(Extracted data entries)
============
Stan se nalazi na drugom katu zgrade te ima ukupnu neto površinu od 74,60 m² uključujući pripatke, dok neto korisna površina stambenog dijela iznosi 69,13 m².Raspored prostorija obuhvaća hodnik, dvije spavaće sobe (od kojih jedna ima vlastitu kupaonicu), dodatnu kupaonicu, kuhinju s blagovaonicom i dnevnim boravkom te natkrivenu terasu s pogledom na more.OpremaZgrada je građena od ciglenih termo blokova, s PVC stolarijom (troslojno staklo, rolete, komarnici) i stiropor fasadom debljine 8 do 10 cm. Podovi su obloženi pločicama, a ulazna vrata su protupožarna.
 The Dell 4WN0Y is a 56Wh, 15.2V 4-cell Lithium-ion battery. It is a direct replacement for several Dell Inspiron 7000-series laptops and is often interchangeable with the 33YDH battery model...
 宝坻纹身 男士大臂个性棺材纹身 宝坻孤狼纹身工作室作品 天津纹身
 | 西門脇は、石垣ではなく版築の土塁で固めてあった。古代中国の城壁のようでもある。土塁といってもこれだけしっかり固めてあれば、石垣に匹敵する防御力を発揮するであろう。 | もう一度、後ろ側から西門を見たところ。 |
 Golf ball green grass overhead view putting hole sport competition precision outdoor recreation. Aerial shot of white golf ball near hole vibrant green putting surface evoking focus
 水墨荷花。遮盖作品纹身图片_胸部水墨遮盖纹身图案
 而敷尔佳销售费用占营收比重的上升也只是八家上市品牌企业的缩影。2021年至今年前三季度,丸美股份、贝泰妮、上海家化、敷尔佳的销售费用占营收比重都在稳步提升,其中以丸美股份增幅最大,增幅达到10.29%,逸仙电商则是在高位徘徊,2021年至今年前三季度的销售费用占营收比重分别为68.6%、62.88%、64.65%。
============
> _Work to complete_
An exact transcription of all the entries is needed.

> _Response_
Stan se nalazi na drugom katu zgrade te ima ukupnu neto površinu od 74,60 m² uključujući pripatke, dok neto korisna površina stambenog dijela iznosi 69,13 m².Raspored prostorija obuhvaća hodnik, dvije spavaće sobe (od kojih jedna ima vlastitu kupaonicu), dodatnu kupaonicu, kuhinju s blagovaonicom i dnevnim boravkom te natkrivenu terasu s pogledom na more.OpremaZgrada je građena od ciglenih termo blokova, s PVC stolarijom (troslojno staklo, rolete, komarnici) i stiropor fasadom debljine 8 do 10 cm. Podovi su obloženi pločicama, a ulazna vrata su protupožarna.
 The Dell 4WN0Y is a 56Wh, 15.2V 4-cell Lithium-ion battery. It is a direct replacement for several Dell Inspiron 7000-series laptops and is often interchangeable with the 33YDH battery model...
 宝坻纹身 男士大臂个性棺材纹身 宝坻孤狼纹身工作室作品 天津纹身
 | 西門脇は、石垣ではなく版築の土塁で固めてあった。古代中国の城壁のようでもある。土塁といってもこれだけしっかり固めてあれば、石垣に匹敵する防御力を発揮するであろう。 | もう一度、後ろ側から西門を見たところ。 |
 Golf ball green grass overhead view putting hole sport competition precision outdoor recreation. Aerial shot of white golf ball near hole vibrant green putting surface evoking focus
 水墨荷花。遮盖作品纹身图片_胸部水墨遮盖纹身图案
 而敷尔佳销售费用占营收比重的上升也只是八家上市品牌企业的缩影。2021年至今年前三季度,丸美股份、贝泰妮、上海家化、敷尔佳的销售费用占营收比重都在稳步提升,其中以丸美股份增幅最大,增幅达到10.29%,逸仙电商则是在高位徘徊,2021年至今年前三季度的销售费用占营收比重分别为68.6%、62.88%、64.65%。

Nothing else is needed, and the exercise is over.